Prompt:
Set down all of the data exactly. Pictures stay out of the copy.

Dataset extract:

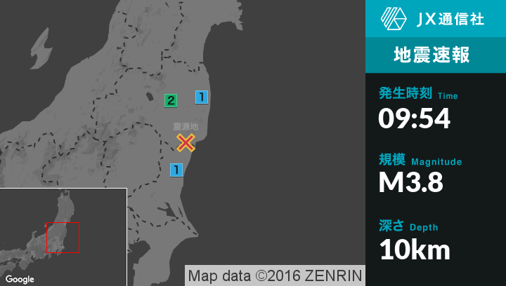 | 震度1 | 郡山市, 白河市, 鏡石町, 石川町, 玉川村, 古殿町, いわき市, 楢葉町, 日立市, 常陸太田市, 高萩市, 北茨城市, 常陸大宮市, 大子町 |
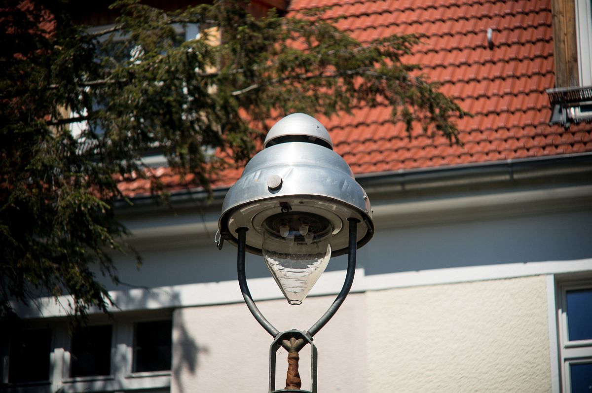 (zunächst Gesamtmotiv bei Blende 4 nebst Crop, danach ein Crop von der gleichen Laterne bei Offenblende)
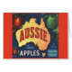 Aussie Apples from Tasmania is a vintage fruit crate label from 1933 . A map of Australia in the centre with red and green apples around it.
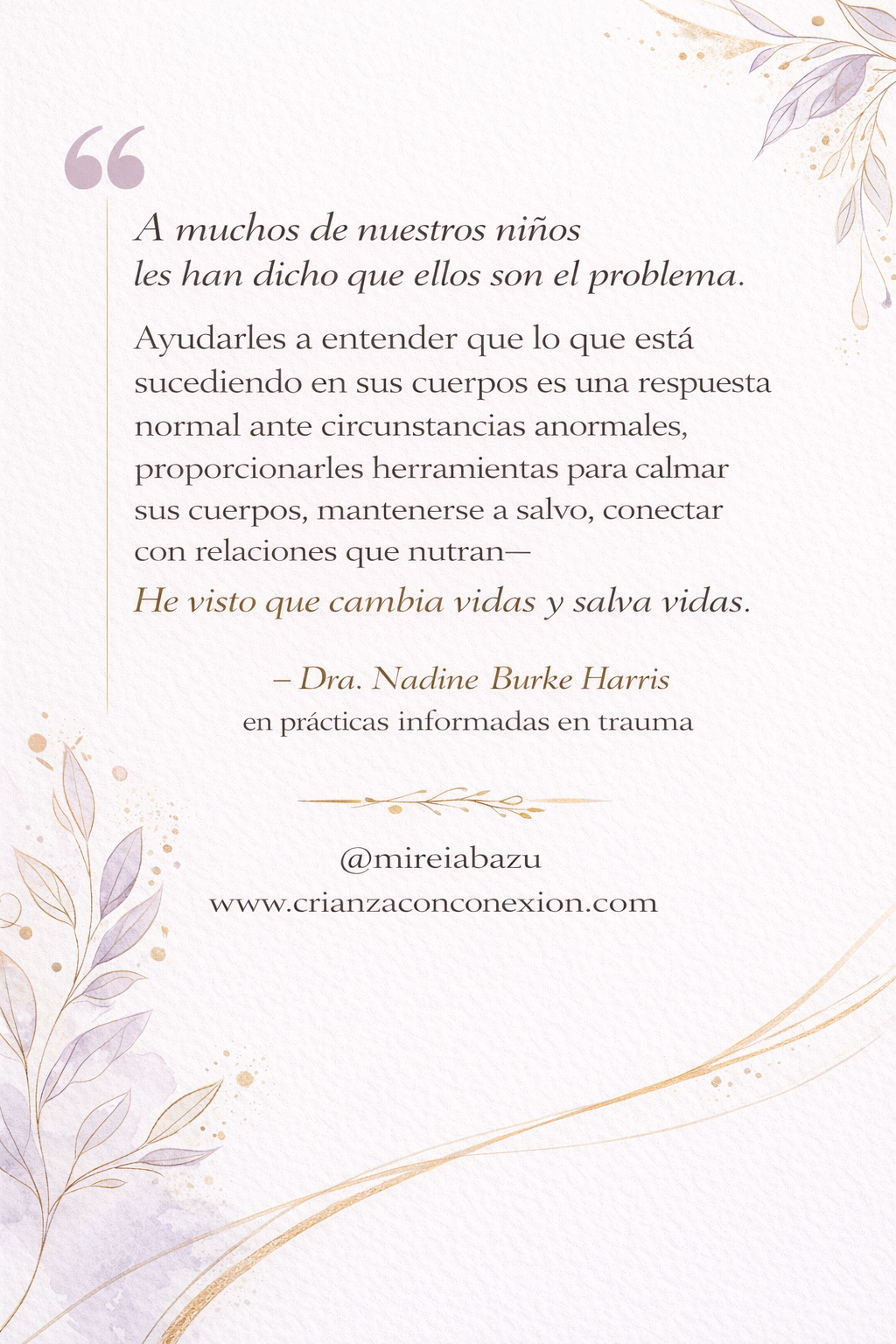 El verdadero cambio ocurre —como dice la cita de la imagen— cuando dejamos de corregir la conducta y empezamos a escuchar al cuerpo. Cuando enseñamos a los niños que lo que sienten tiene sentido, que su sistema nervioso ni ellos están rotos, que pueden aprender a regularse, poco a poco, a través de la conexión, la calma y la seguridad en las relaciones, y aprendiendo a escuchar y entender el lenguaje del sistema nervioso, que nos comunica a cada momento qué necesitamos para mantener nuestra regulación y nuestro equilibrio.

Response area:
 | 震度1 | 郡山市, 白河市, 鏡石町, 石川町, 玉川村, 古殿町, いわき市, 楢葉町, 日立市, 常陸太田市, 高萩市, 北茨城市, 常陸大宮市, 大子町 |
 (zunächst Gesamtmotiv bei Blende 4 nebst Crop, danach ein Crop von der gleichen Laterne bei Offenblende)
 Aussie Apples from Tasmania is a vintage fruit crate label from 1933 . A map of Australia in the centre with red and green apples around it.
 El verdadero cambio ocurre —como dice la cita de la imagen— cuando dejamos de corregir la conducta y empezamos a escuchar al cuerpo. Cuando enseñamos a los niños que lo que sienten tiene sentido, que su sistema nervioso ni ellos están rotos, que pueden aprender a regularse, poco a poco, a través de la conexión, la calma y la seguridad en las relaciones, y aprendiendo a escuchar y entender el lenguaje del sistema nervioso, que nos comunica a cada momento qué necesitamos para mantener nuestra regulación y nuestro equilibrio.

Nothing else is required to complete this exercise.